# How to search an array for the index coresponding to the nearest value?

I have two separate data sets and each of them have a different time axis (distance between values). I want to write a function where I provide a time(float64) and it tells me the closest index value in both arrays. I cannot use the findall() tool though since my data sets are float64 type datasets. Is there a tool similar to findall() that I could use to help me?

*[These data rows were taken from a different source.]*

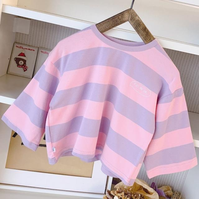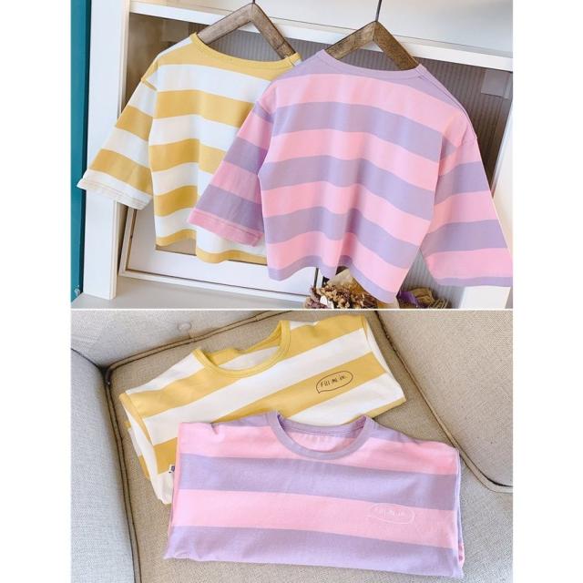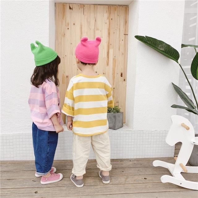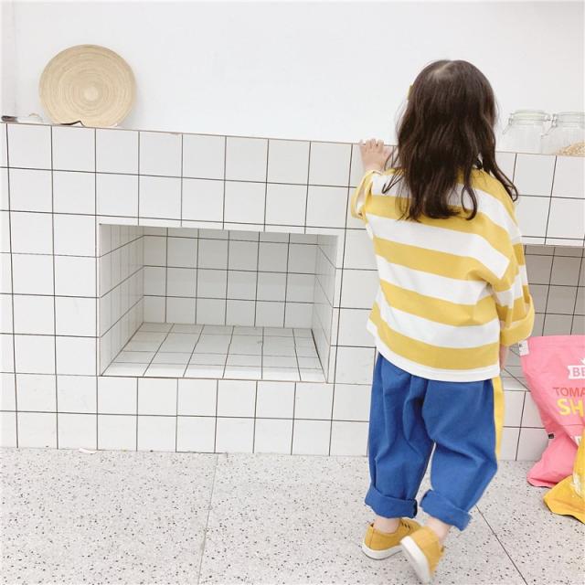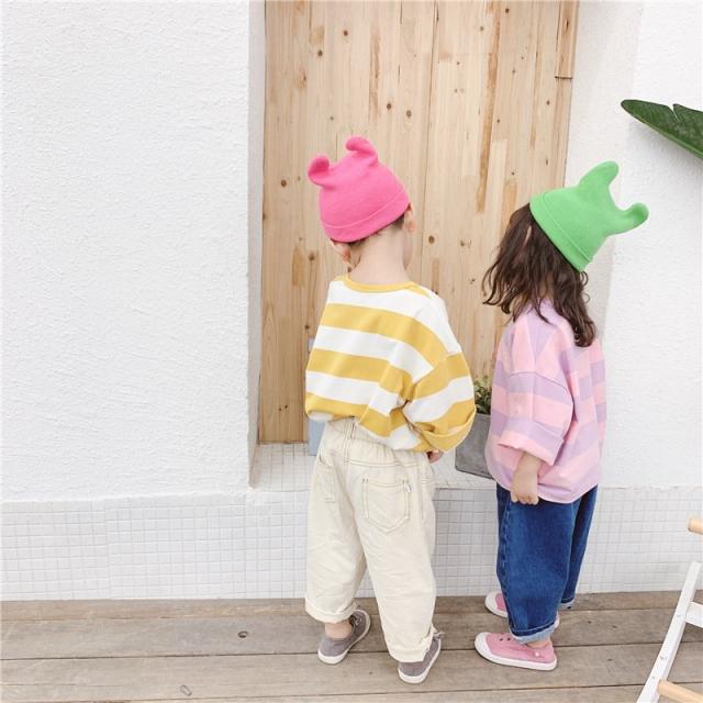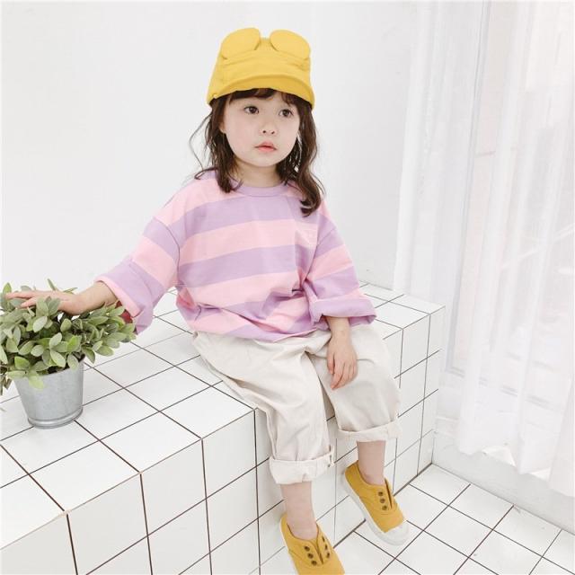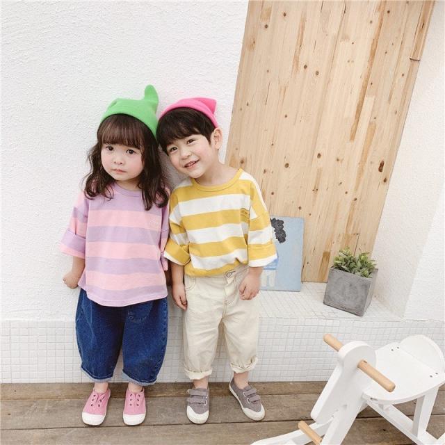 Tシャツ 長袖 ビッグシルエット 子供服 キッズ ベビー ドロップショルダー オーバーサイズ カットソー 太めボーダー トップス 丸首 ラウンドネック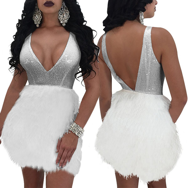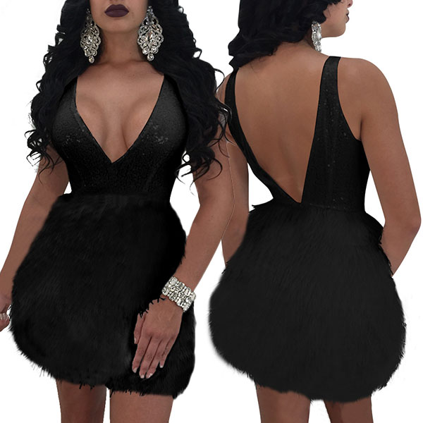 Moreover,the sequin and faux fur spliced design make this piece more distinctive and sparkle.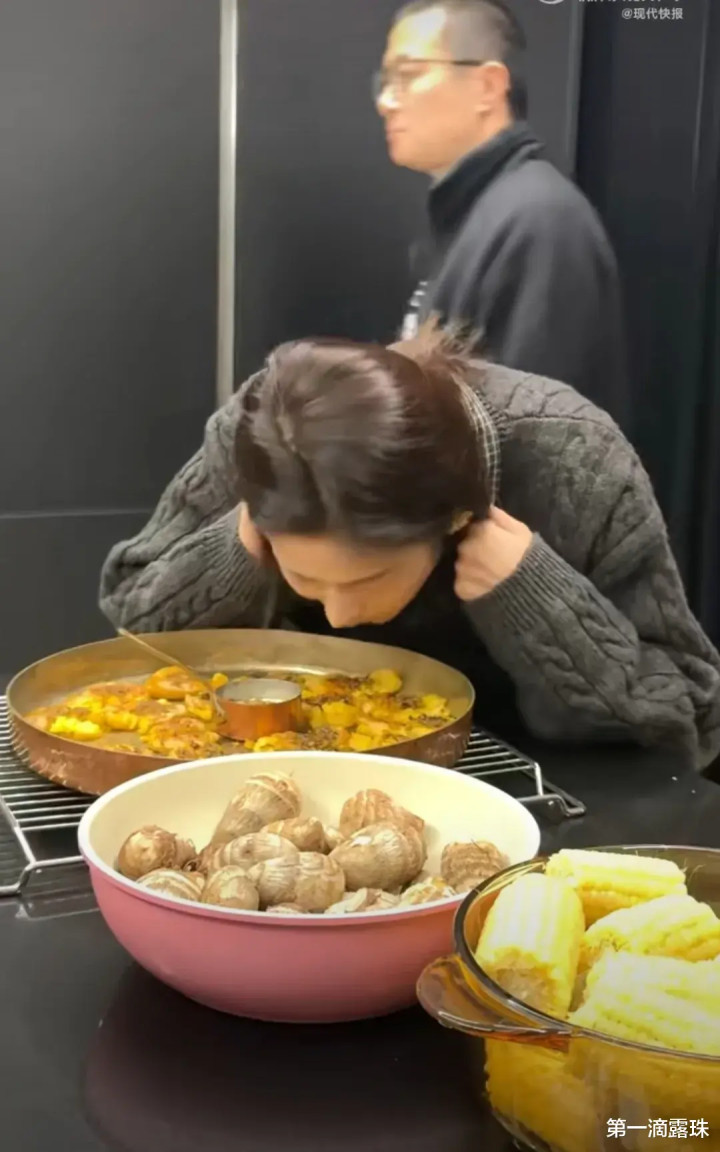 颖儿在梅婷家完全没有了女明星的矜持,她不但趴在美食上狠狠地吸鼻子闻味道,大呼“太香了”,还狂赞“萝卜汤绝了”,连喝三碗还配着红酒,嘴里不停念叨“梅姐姐夫手艺太好了”。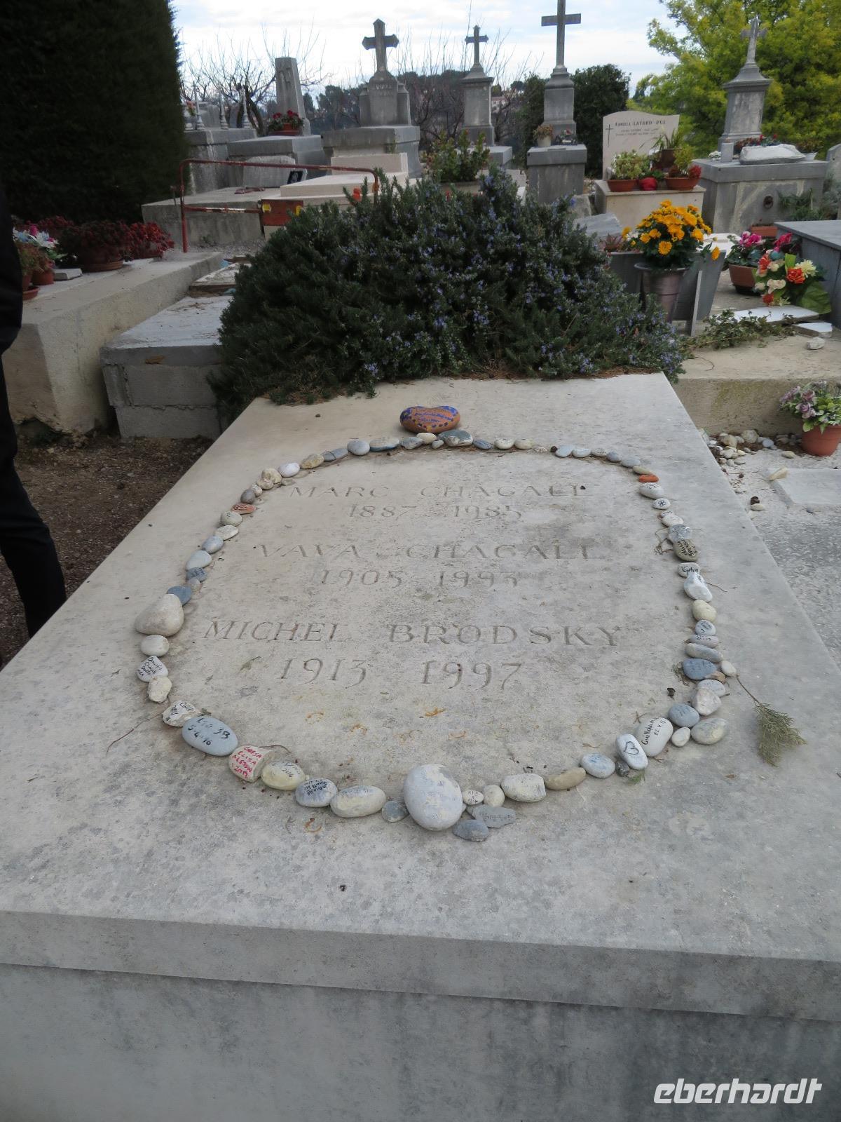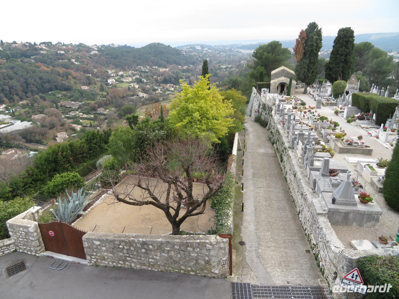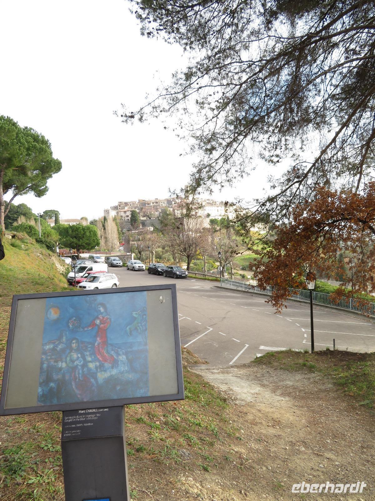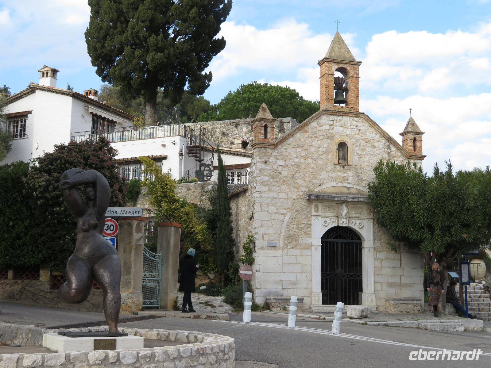 Wir schlendern durch die mit Kieselsteinen gepflasterten Gassen, vorbei an dem Brunnen der „Place de la Grande Fontaine" mit dem ehemaligen Waschhaus. Zum Schluss statten wir dem Grab von Marc Chagall einen Besuch ab. Der aus Weißrussland stammende Künstler hat hier viele Jahre gelebt und vermachte in den 80er Jahren der nur wenige Gehminuten von hier entfernten Privatsammlung „Fondation Maeght", einem der wichtigsten Museen an der Côte d'Azur, einige seiner Werke.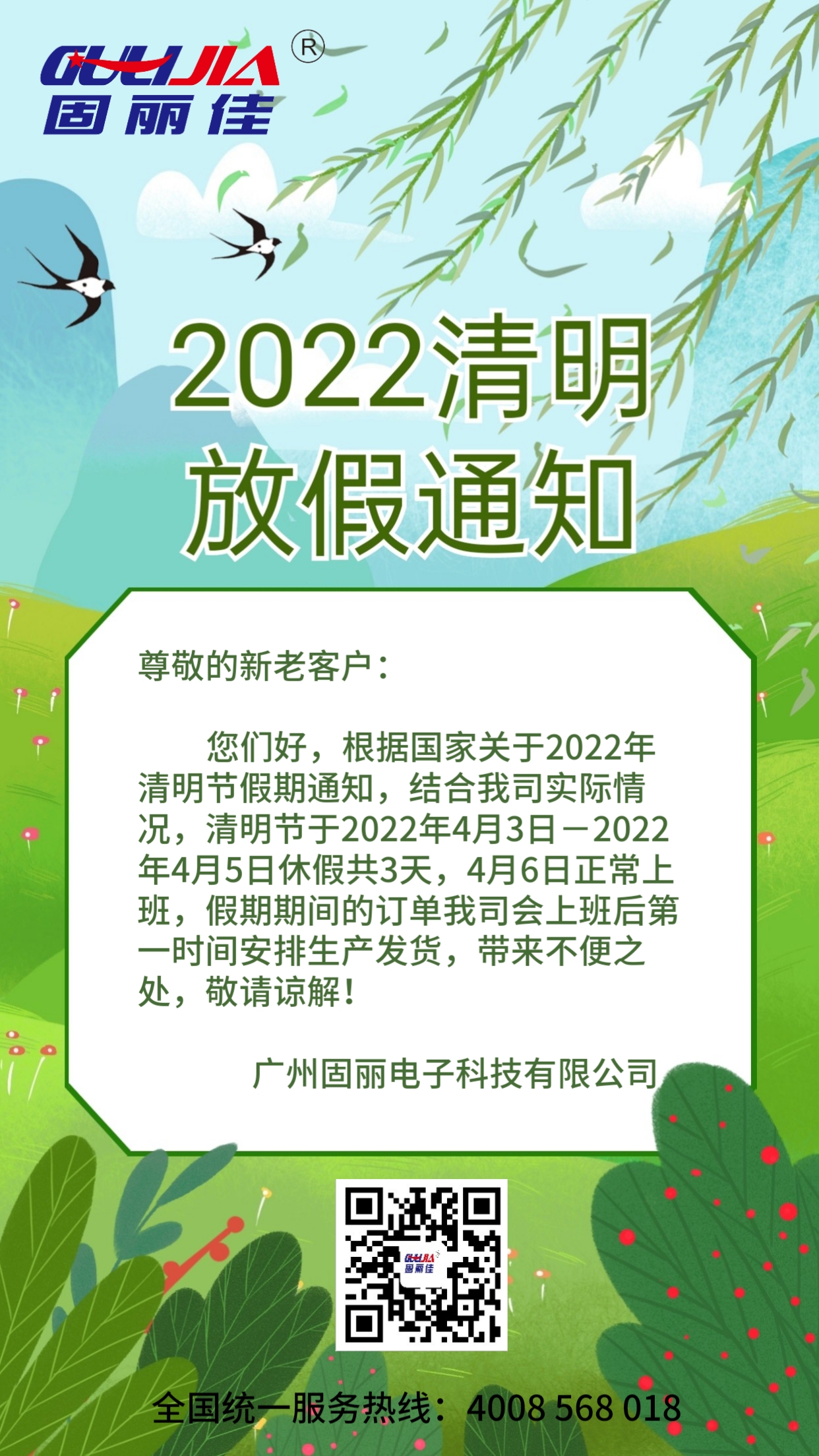 廣州固麗電子科技有限公司溫馨提示:假期注意安全、減少外出,出行佩戴口罩,做好防護(hù),避免去人多的地方!

This does what I think you want

``````julia> a = rand(100);

julia> b = rand(100);

julia> t = 0.5;

julia> partialsortperm(abs.(a .- t), 1)
13

julia> a
0.4932697998859428

julia> partialsortperm(abs.(b .- t), 1)
74

julia> b
0.5266419173203005
``````

`partiaslsortperm` returns the given index or range (1 in this case) of the sorted version of its arguments

``````julia> b[partialsortperm(abs.(b .- t), 1:5)]
5-element Vector{Float64}:
0.5266419173203005
0.5280409414251348
0.5296562291180309
0.5347218563730891
0.5401489751301409
``````

The NearestNeighbors package can do this:

Something like

``````julia> using NearestNeighbors

julia> time1 = collect(0:0.01:10)';

julia> time2 = time1 .+ randn(Float32, size(time1))./100;

julia> tree = KDTree(time2)
KDTree{StaticArrays.SVector{1, Float64}, Euclidean, Float64}
Number of points: 1001
Dimensions: 1
Metric: Euclidean(0.0)
Reordered: true

julia> idxs, = nn(tree, time1);
``````

Faster, and no allocations:

``````findmin(x->abs(x-t), a)
``````

For more general distances there is

``````using LinearAlgebra: norm
findmin(x->norm(x-t), a)
``````
2 Likes

Just to note: `findmin` requires Julia 1.7 or later.